Demokrasinin özüne ters düşen gelişmenin, çağdaşlaşmanın ruhuyla örtüşmeyen tek adam sistemi, ülkeye maddi manevi anlamda maalesef ülkeye çok şey kaybettirmiştir.
Günü birlik aceleyle alınıp daha sora akşamdan sabaha değişen kararlar her anlamda belirsizlik ve tedirginlik yarattı.
Yabancı yatırımcı kaçtı, gelecek olana kaygılandırdı, işsizlik arttı, gelir dağılımındaki fark yoksulların aleyhine bozuldu. Döviz kurları ve altın arttı. Yoksulluk sıralamasında en altlara düştük.
Liyakatin yerine siyasi atamalar öne çıktı. Hak eden değil çak eden işe alındı.
Köyler boşaltılıp üretim durma noktasına getirildi.
Ülkemiz adalette, eğitimde küme düştü.
Eleştiri, öz eleştiri tamamen baskılandı, eleştiren şiddetle cezalandırıldı veya terörist, hain damgaları vuruldu.

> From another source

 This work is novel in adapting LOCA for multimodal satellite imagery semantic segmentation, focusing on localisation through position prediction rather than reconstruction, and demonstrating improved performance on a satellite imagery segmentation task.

"Haklı eleştiri muhataplarına hatadan dönme fırsatı verir " sözünden hiç ders alınmadı. Geldiğimiz nokta bu ülkeye ve vatandaşa çok pahalıya mal oldu.

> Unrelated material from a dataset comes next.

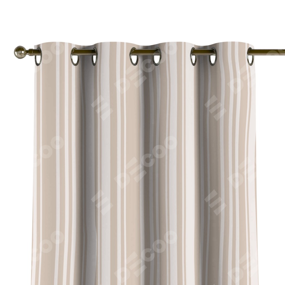 Комплект прямых штор, от производителя «Cortin», пошиты из ткани блэкаут с нанесением сублимационной печати «Бежевые вертикальные полоски». Данная модель пошита на люверсах, комплектуется на выбор круглым карнизом и подходит для монтажа на стену или потолок. Прямые шторы на люверсах шьются по стандарту с коэффициентом 1/2 (на 100 см. ширины проёма 200 см. ширины ткани), отличительным преимуществом данной модели является простой способ монтажа. Достаточно повесить ее на трубу и штора готова!

Bu günah ise sadece tek başına iktidarın değil doğru dürüst muhalefet yapamayan partilerin ve iktidarı bugüne hiç eleştirmeyen, her yanlışını bile bile alkışlayan gazeteci kisvesi altındakiler, sözde bilim adamları, öğretim görevlileri, televizyon yapımcı ve yorumcuları bu büyük felaketin ve günahın suç ortaklarıdır.
Bu güne kadar hiç bir hatasını kabul etmeyen, her kusuru başkasında arayan anlayış iflas etti.

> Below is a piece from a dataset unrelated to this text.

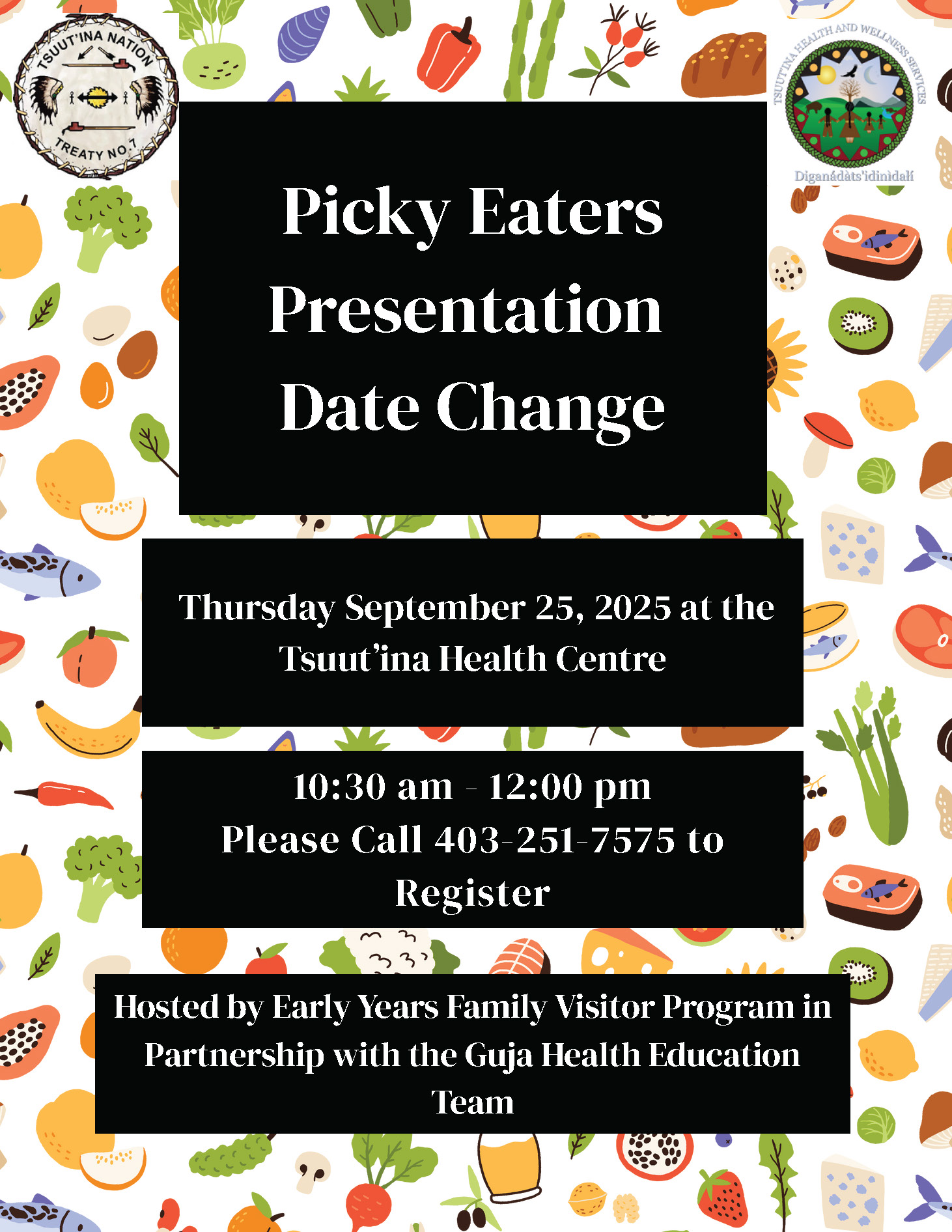 Dzīnísī gújā(Good day), Please be advised that the Picky Eaters Session with Amy Neufeld has been rescheduled to September 25th, 2025, from 10:30 ...

İzlenen hatalı ve yanlış politikalar sonucunda işsizlik arttı, geçim sıkıntısı zirve yaptı. Dış ve iç borç insafsız zamlarla halkın üstüne yıkılmaya çalışılıyor. Milli değerlerimiz fabrikalar, yeraltı, yer üstü zenginliklerimiz topyekûn elden çıkarılmaktayken, bu kötü manzara iktidar sevicileri tarafından her haliyle alkışlanmaya devam ediyor.